**EXERCISE OBJECTIVE**
Look through the data below and output, unchanged, every line from the one holding "في تجربة لدراسة" through the one holding "Abtei Vitamin C", inclusive. Skip the pictures.

**PROVIDED ENTRIES**
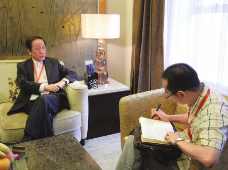 郁慕明在接受記者采訪
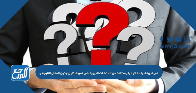في تجربة لدراسة اثر انواع مختلفة من المضادات الحيوية على نمو البكتيريا يكون العامل التابع هو
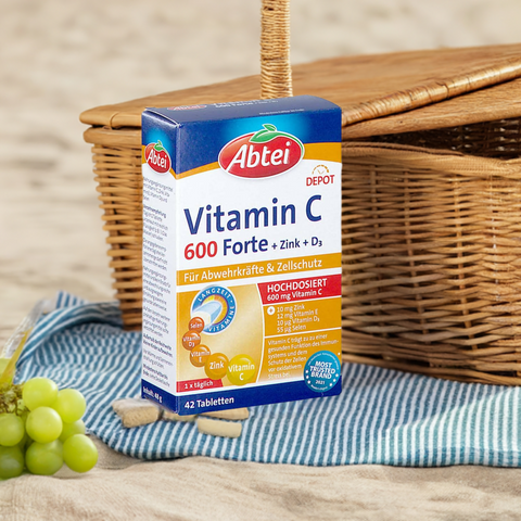 Abtei Vitamin C 600 Forte + Zink + D3 ist eine wirkungsvolle Kombination zur gezielten Unterstützung der körpereigenen Abwehrkräfte und zum Schutz der Zellen vor oxidativem Stress. Mit 600 mg hochdosiertem Vitamin C, ergänzt durch Zink und Vitamin D3, bietet dieses Produkt eine umfassende Nährstoffversorgung – ideal für die kalte Jahreszeit, bei starker Belastung oder zur täglichen Immunpflege.
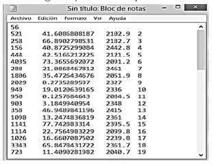 Como se mencionó anteriormente, la técnica de barrido parte de un punto inicial para generar una ruta preliminar. Mediante la implementación de la heurística de barrido se pretende clasificar los 144 puntos de recolección no solo por distancia, sino también por la capacidad de restricción del vehículo recolector, en este caso se obtiene una solución inicial del problema que luego será utilizado en la segunda fase. En la figura 4, se muestran los datos de algunos de los puntos de recolección de basura en ángulos y distancias polares.
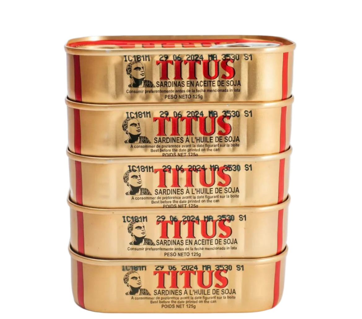 Titus Sardines in Soybean Oil 5-Pack offers a convenient supply of high-quality sardines preserved in light, heart-healthy soybean oil. Rich in omega-3 fatty acids and protein, these sardines provide a nutritious boost with a mild, smooth flavor that complements a variety of dishes. Ideal for quick meals or snacks, this pack ensures you have a versatile, shelf-stable ingredient ready to enhance salads, pastas, or sandwiches with ease and expert quality.
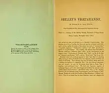 The 15 x 22 centimeter sewed pamphlet was covered in paper wrapping, and was published and circulated the year following Axon's lecture to the Shelley Society, by the Vegetarian Society, at 75 Princess Street, Manchester.[13] It is 13 pages in total length, excluding advertisements and notes by the Vegetarian Society. An edition was published by bibliophile Thomas J. Wise in the same year.[14] By 1908, the cost of one copy of Shelley's Vegetarianism was 2 shillings.[15]

**WRITTEN ANSWER**
في تجربة لدراسة اثر انواع مختلفة من المضادات الحيوية على نمو البكتيريا يكون العامل التابع هو
 Abtei Vitamin C 600 Forte + Zink + D3 ist eine wirkungsvolle Kombination zur gezielten Unterstützung der körpereigenen Abwehrkräfte und zum Schutz der Zellen vor oxidativem Stress. Mit 600 mg hochdosiertem Vitamin C, ergänzt durch Zink und Vitamin D3, bietet dieses Produkt eine umfassende Nährstoffversorgung – ideal für die kalte Jahreszeit, bei starker Belastung oder zur täglichen Immunpflege.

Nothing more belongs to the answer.